I’ve written before about the sometimes-troubled friendship I’ve had with my ex-roommate Hubert Graham. Hugh and I had a lot of the wrong things in common and I really disliked in him what I disliked in myself. He was who I feared that I would become if I didn’t watch myself. Short-tempered, self-centered, awkwardly social, and more. None of this is to say that I saw him as a bad person. Even when I reviled him, I could at least recognize that he was a decent guy. But living with him for four years, working at Parallax Productions with him, and more proved too much for the longest time.
Also standing in between us was a sort of rivalry. A need to one-up one another. To prove that we could get the better girls, be more successful, prove our superior intelligence, and invade one another’s turf. He is smarter than me, so I had to try to be smarter than him. I am more creative than him, and so he had to try to prove his creative mettle. The rivalry extended to everything, at one point getting so ridiculous that I was hurling expletives at my Epson printer because it had the nerve to be worse than Hugh’s HP.
The mend came in part when we had nothing to compete over. With the rivalry dead and the overextended intimacy of living together passed, we were free to approach one another on the grounds that made us friends in the first place with a lot of shared memories to boot.

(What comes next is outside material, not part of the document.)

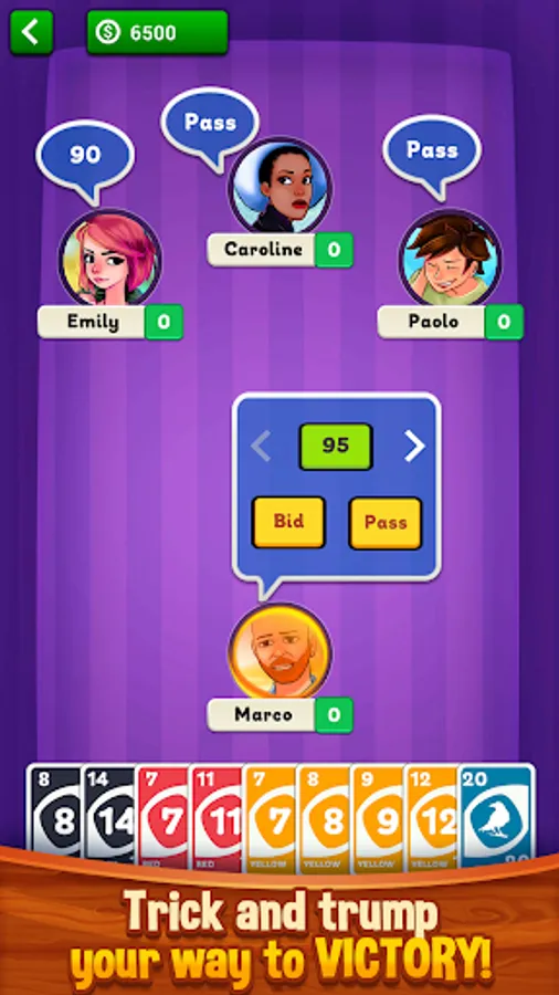 Game is played clockwise. Each player is dealt 9 cards. 5 cards will be kept aside called a Nest. Players have to bid for the points they will make in a round. Bid begins at 70 and the maximum one can bid in a Blackbird game is 120 points. The player who wins the bid will get to decide the trump suit. The bid winner can also exchange the cards from the Nest.

He got the better job, but I have excuses for mine and it’s not something I care about. He has integrated himself better socially in the world, too, but I’ve never needed that as much. Our wives are too different to stack up against one another. I’ll be more comfortably financially in the long term. He’s won, I’ve won, and we’ve more or less settled in our respective places.
Anyway, he called me yesterday and we talked for a while. This is the first call since the whole Dead Babies incident, so I was glad to hear from him. For those of you that don’t keep track of my castlist-in-the-dozens, his wife gave birth to twin girls about fifteen weeks ago. So as we were talking he was raving about how insanely brilliant his little girls are and how they’re exceeding all of the charts of baby progress.
I am of course thrilled for him, but an ugly little part of me started creeping back. I had visions of trying to convince Clancy to undergo IVF so I can one-up him with triplets. And I have visions of talking to my young daughter, saying, “You can be anything you want to be when you grow up, sweetie… as long as you’re better than Lucinda and Emmilou Graham.”
I’m pretty much kidding, by the way.
About the triplets.
And maybe the other thing.
Maybe.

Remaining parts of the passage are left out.